Extracted records:
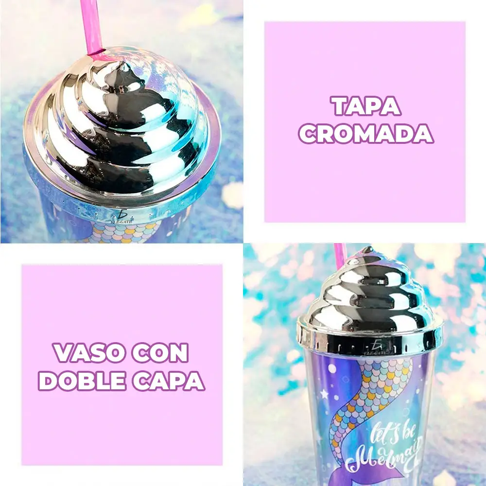 Vaso Resistente Con Popote Y Tapa De Cúpula Con Sirena
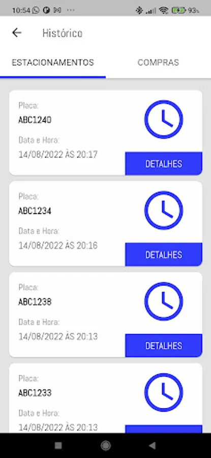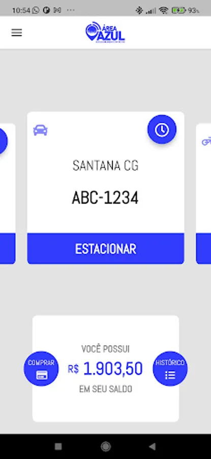 The APP is easy to use, as it is enough to register the user, register vehicles and purchase credits using a credit card. It is possible to register up to five vehicles, thus being able to be used in an optimized and controlled way. It is also possible, through the app, to control your balance, usage history and credit purchase history.
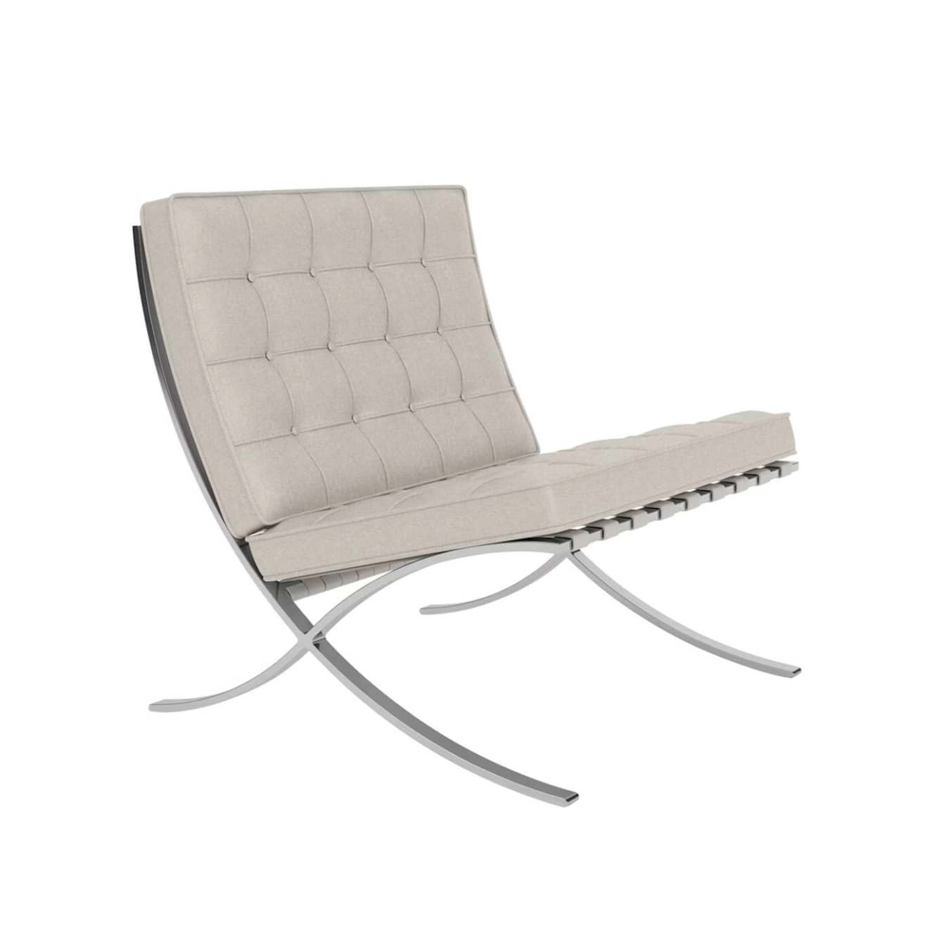 Created by Ludwig Mies van der Rohe for the German Pavilion at the 1929 International Exhibition in Barcelona, the Barcelona Chair has become an icon of modern architecture. Its refined composition reflects the very essence of modernist design. From its elegant crisscross frame to its cushions made of meticulously hand-stitched and assembled squares, each chair is a tribute to the union of contemporary design, high-end craftsmanship, and exceptional attention to detail. Architectural in form, the Barcelona Chair features a canted seat that offers a posture both relaxed and perfectly supported. It is upholstered in Haven fabric, available in four different colors, and features a polished chrome frame. To create the cushions, 40 individual squares of fabric are hand-sewn and tufted with buttons. The cushions are secured to the frame using belting leather straps, with edges dyed to match the upholstery. Each Barcelona Chair is an authentic piece designed by Ludwig Mies van der Rohe. The frame is stamped with the Knoll logo and the designer’s signature, certifying its authenticity and timeless value.
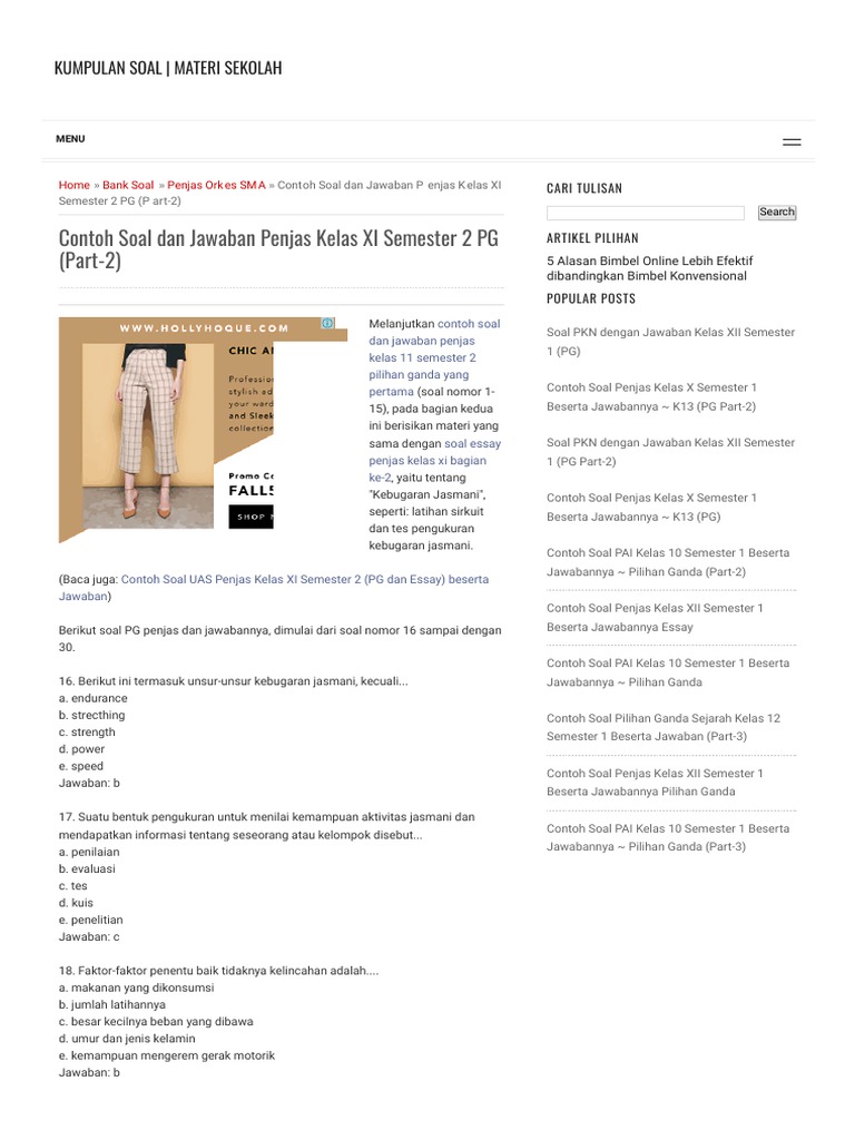 Contoh soal penjaskes kelas 10 semester 2 beserta jawabannya. Berikut ini adalah rincian soal essay penjaskes kelas 10 smama semester 2. Pekerjaan berikut dapat dilakukan di laboratorium. Pertanyaan pjok pts ini telah diberikan kunci jawaban. Jumlah berikut termasuk jumlah nominal adalah a. Melakukan awalan dengan langkah ancang ancang lebar merupakan salah satu cara melakukan. Untuk materi yang sama tetapi dalam bentuk essay bisa anda baca pada contoh soal penjas kelas x semester 2 dan kunci jawabannya bagian pertama dalam bentuk essay.
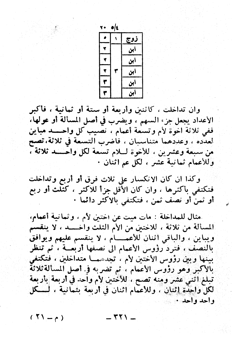 وإن تداخلت، كاثنين وأربعة أو ستة أو ثمانية، فأكبر الأعداد يجعل جزء السهم، ويضرب في أصل المسألة أو عولها، ففي ثلاثة أخوة لأم وتسعة أعمام، نصيب كل واحد مباين لعدده، وعددهما متناسبان، فاضرب التسعة في ثلاثة، تصح من سبعة وعشرين، للأخوة للأم تسعة لكل واحد ثلاثة، وللأعمام ثمانية عشر، لكل عم اثنان.
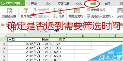 10、选择第一行,“数据——自动筛选——时间——数字筛选”,选择筛选的条件,比如早于早上8:00为正常,小于8:00:00。

Task objective:
All of the data above should be quoted exactly, except for the pictures.

Response to this exercise:
 Vaso Resistente Con Popote Y Tapa De Cúpula Con Sirena
 The APP is easy to use, as it is enough to register the user, register vehicles and purchase credits using a credit card. It is possible to register up to five vehicles, thus being able to be used in an optimized and controlled way. It is also possible, through the app, to control your balance, usage history and credit purchase history.
 Created by Ludwig Mies van der Rohe for the German Pavilion at the 1929 International Exhibition in Barcelona, the Barcelona Chair has become an icon of modern architecture. Its refined composition reflects the very essence of modernist design. From its elegant crisscross frame to its cushions made of meticulously hand-stitched and assembled squares, each chair is a tribute to the union of contemporary design, high-end craftsmanship, and exceptional attention to detail. Architectural in form, the Barcelona Chair features a canted seat that offers a posture both relaxed and perfectly supported. It is upholstered in Haven fabric, available in four different colors, and features a polished chrome frame. To create the cushions, 40 individual squares of fabric are hand-sewn and tufted with buttons. The cushions are secured to the frame using belting leather straps, with edges dyed to match the upholstery. Each Barcelona Chair is an authentic piece designed by Ludwig Mies van der Rohe. The frame is stamped with the Knoll logo and the designer’s signature, certifying its authenticity and timeless value.
 Contoh soal penjaskes kelas 10 semester 2 beserta jawabannya. Berikut ini adalah rincian soal essay penjaskes kelas 10 smama semester 2. Pekerjaan berikut dapat dilakukan di laboratorium. Pertanyaan pjok pts ini telah diberikan kunci jawaban. Jumlah berikut termasuk jumlah nominal adalah a. Melakukan awalan dengan langkah ancang ancang lebar merupakan salah satu cara melakukan. Untuk materi yang sama tetapi dalam bentuk essay bisa anda baca pada contoh soal penjas kelas x semester 2 dan kunci jawabannya bagian pertama dalam bentuk essay.
 وإن تداخلت، كاثنين وأربعة أو ستة أو ثمانية، فأكبر الأعداد يجعل جزء السهم، ويضرب في أصل المسألة أو عولها، ففي ثلاثة أخوة لأم وتسعة أعمام، نصيب كل واحد مباين لعدده، وعددهما متناسبان، فاضرب التسعة في ثلاثة، تصح من سبعة وعشرين، للأخوة للأم تسعة لكل واحد ثلاثة، وللأعمام ثمانية عشر، لكل عم اثنان.
 10、选择第一行,“数据——自动筛选——时间——数字筛选”,选择筛选的条件,比如早于早上8:00为正常,小于8:00:00。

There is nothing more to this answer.